Глава 10
Наглец
Долгим прощальным взглядом проводив уносимый Прошкой доломан, полковник Ржевский вздохнул, должно быть вспоминая былые годы, и вновь обернулся к гостю.
– Ты-то, поди, еще пороху не нюхал?
– Лишь на Красносельских маневрах, – будто извиняясь, развел руками корнет Синичкин.
– Как же, как же! – по губам Ржевского пробежала мечтательная улыбка. – «Едут, поют юнкера гвардейской школы, трубы, литавры на солнце горят…» Я в тех местах давненько бывал! Славные были деньки, а уж ночи так и подавно!
Помню, надев впервые гусарский мундир с такими же, как у тебя, знаками отличия, я посчитал себя наисчастливейшим из людей и полагал, что все женские взгляды прикованы ко мне, как гребцы к турецкой галере. Следует заметить, что красивая форма подразумевает достойное содержание. Иначе смысла в ней меньше, чем в скорлупе от грецкого ореха. Уже очень скоро мне довелось познать это в полной мере. Тогда мне было неполных восемнадцать лет – возраст, когда все кажется по плечу.
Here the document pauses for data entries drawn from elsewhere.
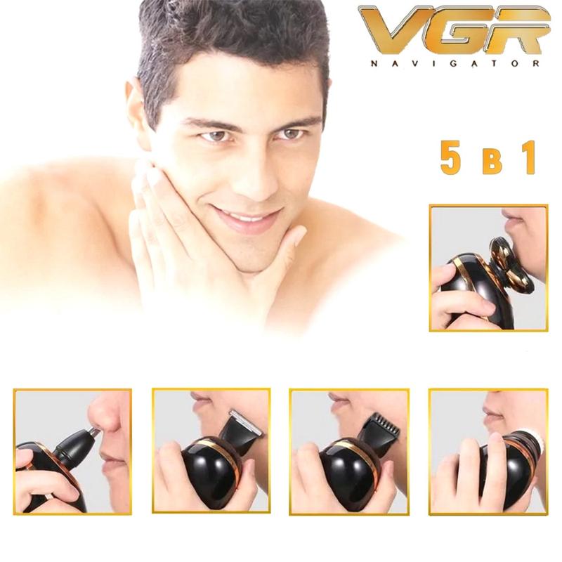 Универсальный мужской тример для стрижки (5в1), Триммер для стрижки волос дома, NST Незаменимый, ежедневный помощник для каждого мужчины. Многофункциональность данной модели электробритвы не перестанет вас удивлять и радовать. Великолепное качество исполнения и превосходная работа роторного мотора легко справляется с любым типом щетины и волос. Компактный дизайн бритвы в сочетании с естественными движениями запястья значительно увеличивает эффективность круговых движений, необходимых для качественного бритья роторной бритвой. Бритва полностью повторяет контуры лица и легко скользит по коже. Значительно меньше в размерах, чем обычная бритва, это устройство увеличивает эффективность круговой техники движения, которая является необходимой для бритья с роторными бритвами. Особенности электробритвы: - Низкий уровень шума; - Подходит для сухой, а также влажной кожи; - Эргономичный дизайн и компактный размер; - Индикатор зарядки и подсветка; - Съемная бритвенная головка для легкой очистки и ухода; - Тонкий триммер для безопасной, нежной обрезки и формирования бороды; - Плавающий триммер для бакенбардов; - Водонепроницаемость. Можно мыть непосредственно с помощью водопроводной воды, что является безопасным и практичным; - Вращающаяся головка 5D. Двойное кольцо независимое плавающее лезвие. Умная плавающая система, 360 ° подстроится под любой профиля лица; - Двойное кольцо для бритья волос, плавающая сеть ножей, сбреет более близко к корню волос, может быстро удалить волосы, не повредить кожу; Характеристики: - Цвет: черный с золотистым - Тип электробритвы: роторная - Материал: АБС-пластик, металл - Количество режущих головок: 5 - Светодиодный дисплей: показывает заряд аккумулятора - Влагозащищенный корпус IPX5 - Напряжение: 5 В - Вес электробритвы: 170 г - Размер бритвы (Д/Ш/В): 11х6х7 см - Размер режущей 5D головки (Д/Ш): 5.5х5.5 см - Работает от: литиевой батареи - Заряжается от USB - Время зарядки: около 2-х часов - Время работы на одном заряде: 60 минут - Мужская многофункциональная бритва: электробритва-триммер для бороды, головы, носа + щеточки для чистки лица - Бритье влажное и сухое - Страна производитель: Китай - Тип упаковки: картонная Комплектация: - Электробритва VGR - Насадка "триммер" и четыре гребня-насадки (3, 6, 9, 12 мм) - Насадка на бритву для носа и ушей - Щетка для глубокого очищения лица и силиконовая - Защитная крышка для режущей головки - Щеточка для чистки электробритвы: 1 шт - Инструкция на английском и др. языках - Картонная упаковка
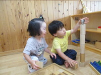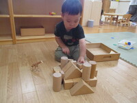 つみきを友だちと一緒に高く積み上げようとしたり好きなように組み立てたりして楽しんでいます。
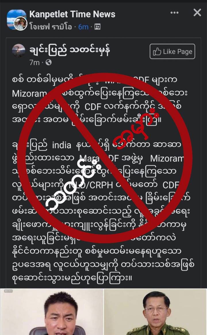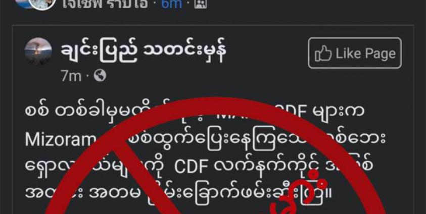 ဒီသတင်းအမှားကို We love ခေတ်ဘုန်းခ Group မှာ Ei အကောင့်မှ ဖလမ်းမြို့နယ်အတွင်း CAN/CDF အကြမ်းဖက်အဖွဲ့ ဝင်ရောက်တိုက်ခိုက်နေမှုကြောင့် ချင်းတိုင်းရင်းသားများ အိန္ဒိယကို ထွက်ပြေးနေရ ဆိုတဲ့ သတင်ခေါင်းစဉ်နဲ့ ရေးသားဖော်ပြထားတာဖြစ်ပါတယ်။
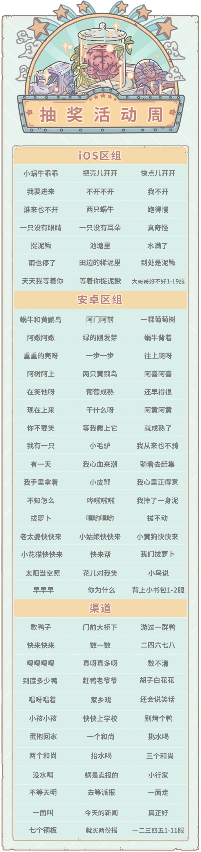 本周五6月17日凌晨五点,部分服务器活动将更新为抽奖嘉年华,以下是进入周活动的区组:
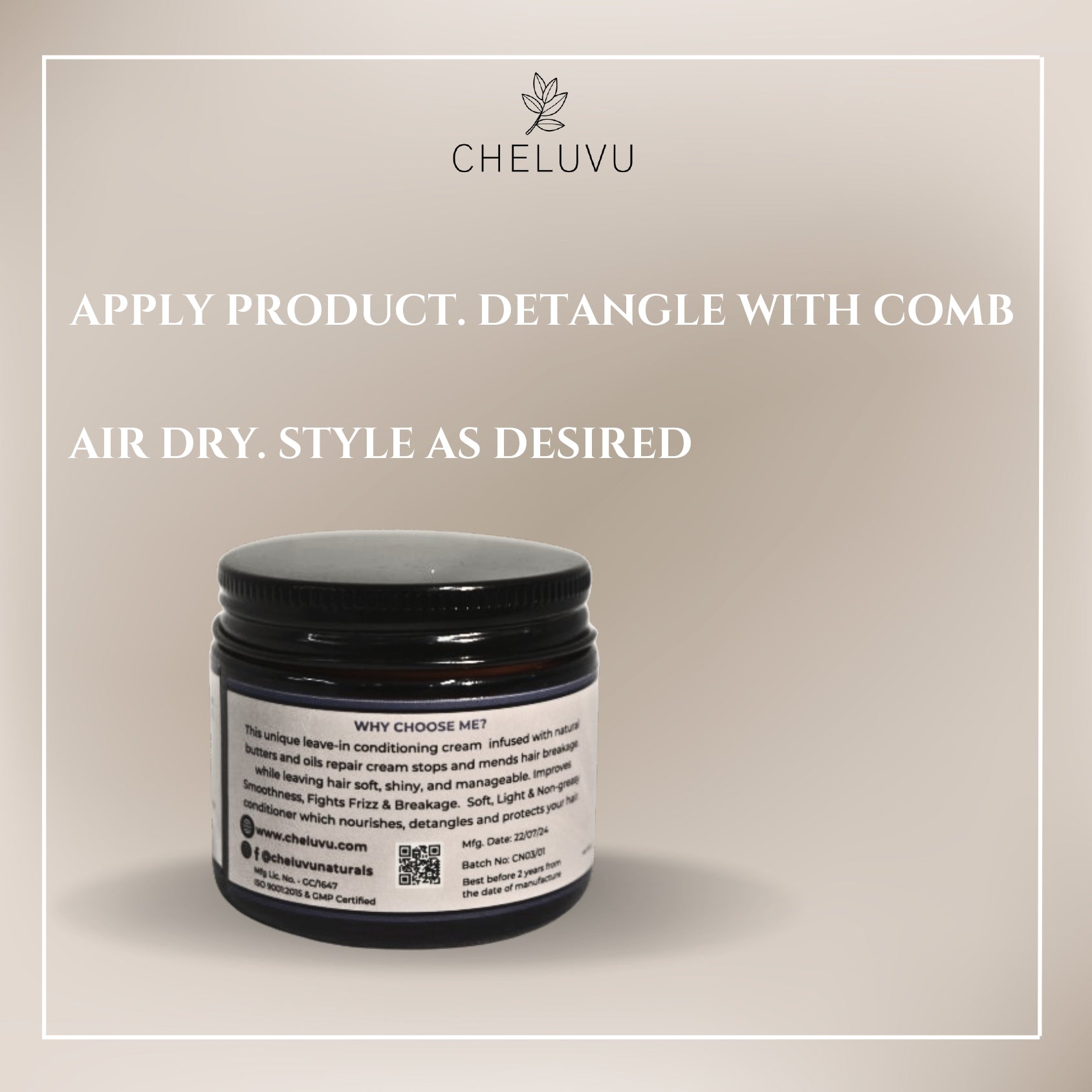 Infused with natural butters and nourishing oils, our leave-in conditioning repair cream stops and mends hair breakage while leaving your hair soft, shiny, and manageable. Experience the benefits of deep hydration and repair as this cream restores your hair’s health and vitality. Perfect for those seeking to revitalize their hair, our product ensures your locks are smooth, radiant, and easy to style. Treat your hair to the best in natural hair care and enjoy the transformation with our premium leave-in conditioner.
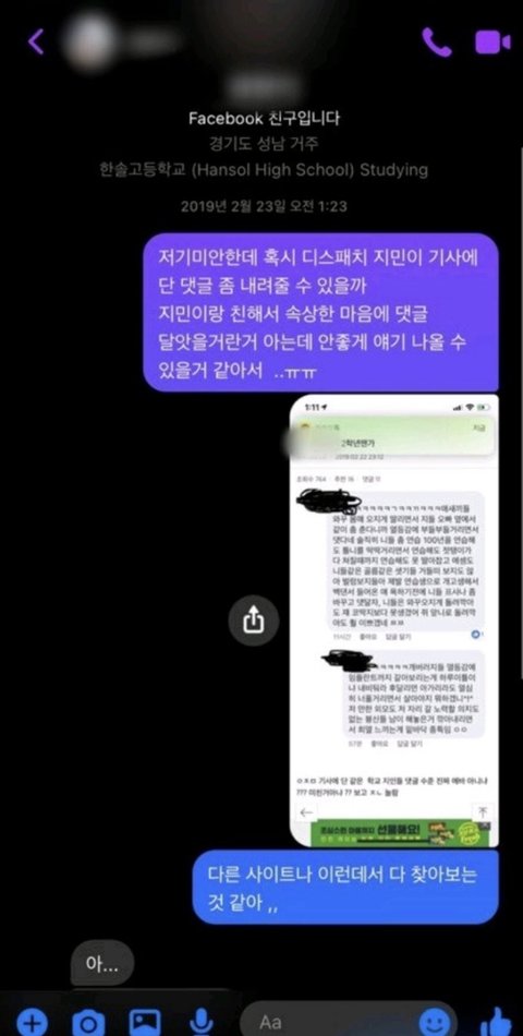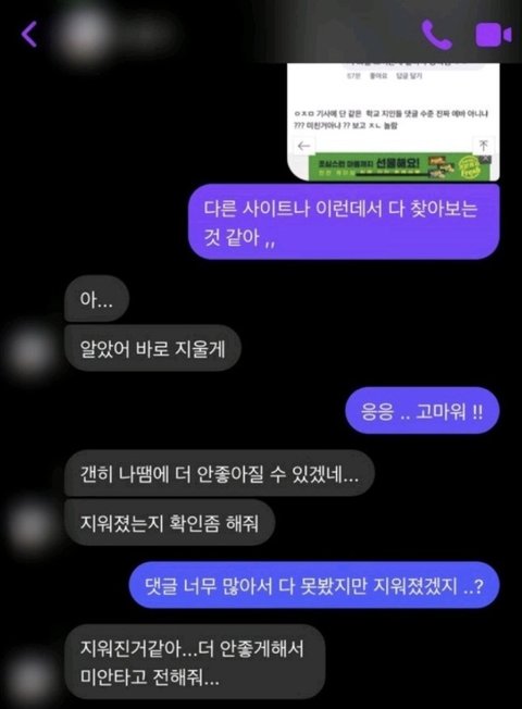 (밑에는 지워 달라고 부탁한 메시지 사진입니다)
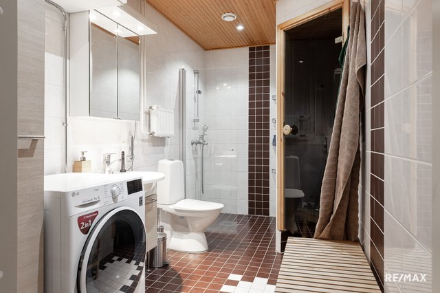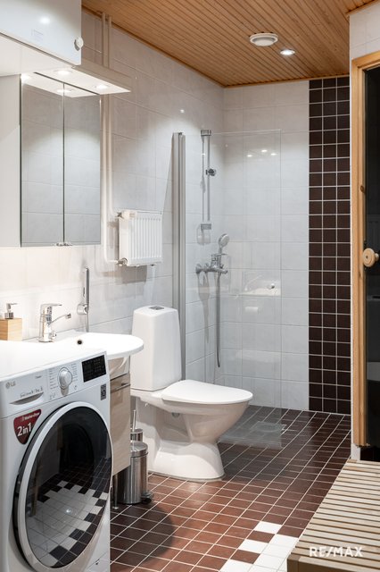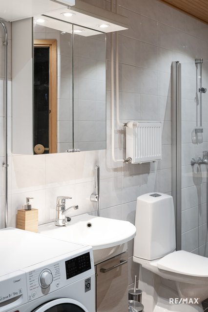 - WC-istuin, suihku, suihkuseinä, lattialämmitys, pesukoneliitäntä, peilikaappi, pesuallas, allaskaappi, ja bidee-suihku
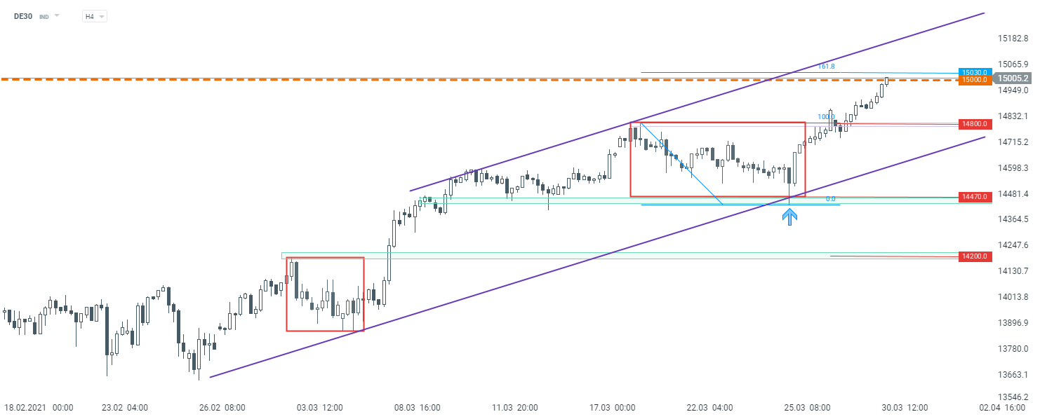 El DAX alemán continúa con el movimiento alcista durante la sesión de hoy. El índice ha roto el nivel psicológico de los 15.000 pts manteniéndose estable en un nuevo máximo histórico.Podemos ver que los inversores europeos han ignorado el riesgo del aumento de los rendimientos de los bonos americanos y esperan que se contenga el colapso de Archegos Capital. Mirando el gráfico de H4 desde un punto de vista técnico, el objetivo más cercano para los compradores se encuentra en los 15030 pts que está marcado con el retroceso del 161.8% de la reciente corrección a la baja local. Sin embargo, si los compradores logran mantener el impulso, no se puede excluir la prueba del límite superior del canal ascendente. El soporte más cercano se ubica alrededor de los 14,800 pts.

А уж если плечи крепки, словно у бронзового дискобола, то и подавно.
– И долго ли вам после того довелось гусарить на столичных приемах? – дерзко поинтересовался задетый за живое Платон.
– Недолго, братец, совсем недолго! Мой боевой путь начался вскоре после гибельного для нашего войска сражения при Аустерлице. То были печальные дни, когда в сердцах поселялось уныние и многих достойных храбрецов оплакивали в родных землях. И среди моих сродственников были такие. Я горел желанием достойно отомстить супостату и в душе видел себя героем, увенчанным лаврами. Грезил, как вернусь в столицу, дабы принять заслуженную награду из рук государя. Сейчас забавно вспоминать о тех наивных мечтах. На склоне лет они вызывают лишь усмешку. Тогда все было по-иному, то, что ныне представляется суетным и бестолковым, давало силы уйти от теплого домашнего очага навстречу врагу в заснеженные далекие поля.
Вместе с пришедшим из России пополнением в первых числах февраля 1807 года юным корнетом я прибыл в свой гусарский полк. Едва получив назначение, принял я непосредственное участие в одном из самых ужасных сражений, в которых мне довелось проливать кровь – в битве у Прейсиш-Эйлау. Признаюсь честно, ничего героического в тот день мне совершить не удалось. Да что там, я толком и не вспомню, что происходило на поле боя. Мы, очертя голову, с криками «Ура!» неслись куда-то сквозь метель, стреляя и рубя и, насколько сие было возможно, старались выжить в той кутерьме, что происходила на поле брани.
Если говорить о битве, рассматривая ее с недоступной вражескому огню возвышенности кабинетных стратегов, случись удачной атака на отступающую пехоту маршала Ожеро, быть может, и сам Наполеон оказался бы в наших руках. Как не помечтать о таком исходе войны, однако ж нет толку грезить о том, что не сбылось.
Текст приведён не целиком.